Probing the chemical mechanism of saccharopine reductase from Saccharomyces cerevisiae using site-directed mutagenesis

• D126, C154, and Y99 were changed alone and in pairs to give mutant enzymes.
• Small changes in rate constants suggest residues are not catalytically essential.
• pH-rate profiles are qualitatively similar to those of wild type enzyme.
• Data are consistent with the intramolecular mechanism proposed from QM/MM studies.
• All residues mutated likely facilitate a conformational change to close the site.

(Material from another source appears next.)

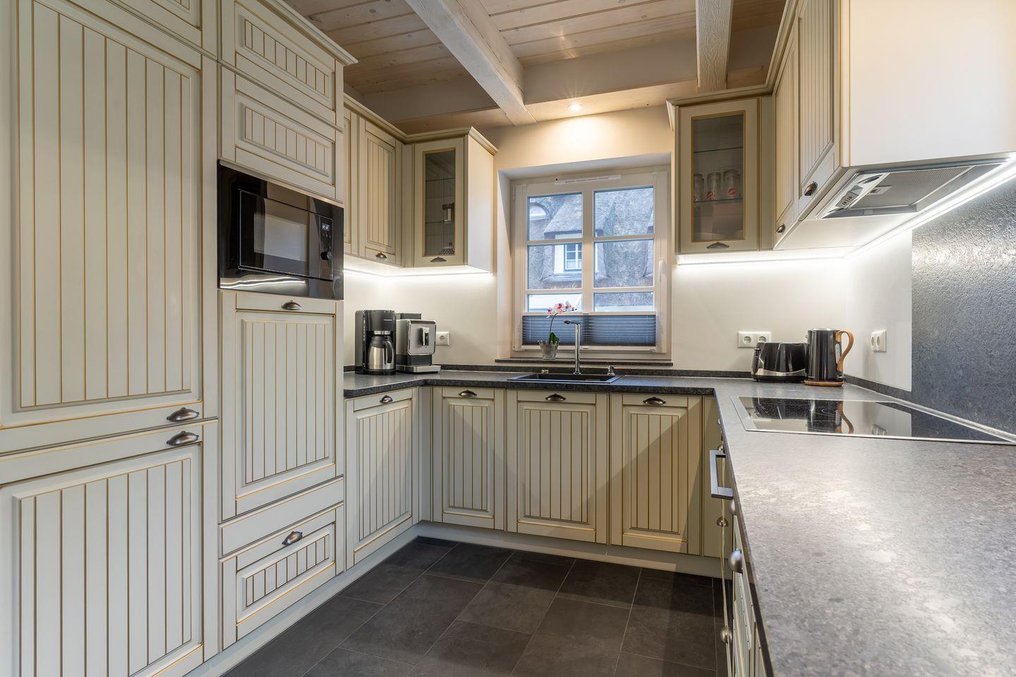 Die Küche ist ausgestattet mit Backofen und Geschirrspüler, sowie einem Esperto-Caffè-Automat, Toaster, Wasserkocher und den üblichen Küchenutensilien.

Saccharopine reductase catalyzes the reductive amination of l-α-aminoadipate-δ-semialdehyde with l-glutamate to give saccharopine. Two mechanisms have been proposed for the reductase, one that makes use of enzyme side chains as acid–base catalytic groups, and a second, in which the reaction is catalyzed by enzyme-bound reactants. Site-directed mutagenesis was used to change acid–base candidates in the active site of the reductase to eliminate their ionizable side chain. Thus, the D126A, C154S and Y99F and several double mutant enzymes were prepared. Kinetic parameters in the direction of glutamate formation exhibited modest decreases, inconsistent with the loss of an acid–base catalyst. The pH-rate profiles obtained with all mutant enzymes decrease at low and high pH, suggesting acid and base catalytic groups are still present in all enzymes. Solvent kinetic deuterium isotope effects are all larger than those observed for wild type enzyme, and approximately equal to one another, suggesting the slow step is the same as that of wild type enzyme, a conformational change to open the site and release products (in the direction of saccharopine formation). Overall, the acid–base chemistry is likely catalyzed by bound reactants, with the exception of deprotonation of the α-amine of glutamate, which likely requires an enzyme residue.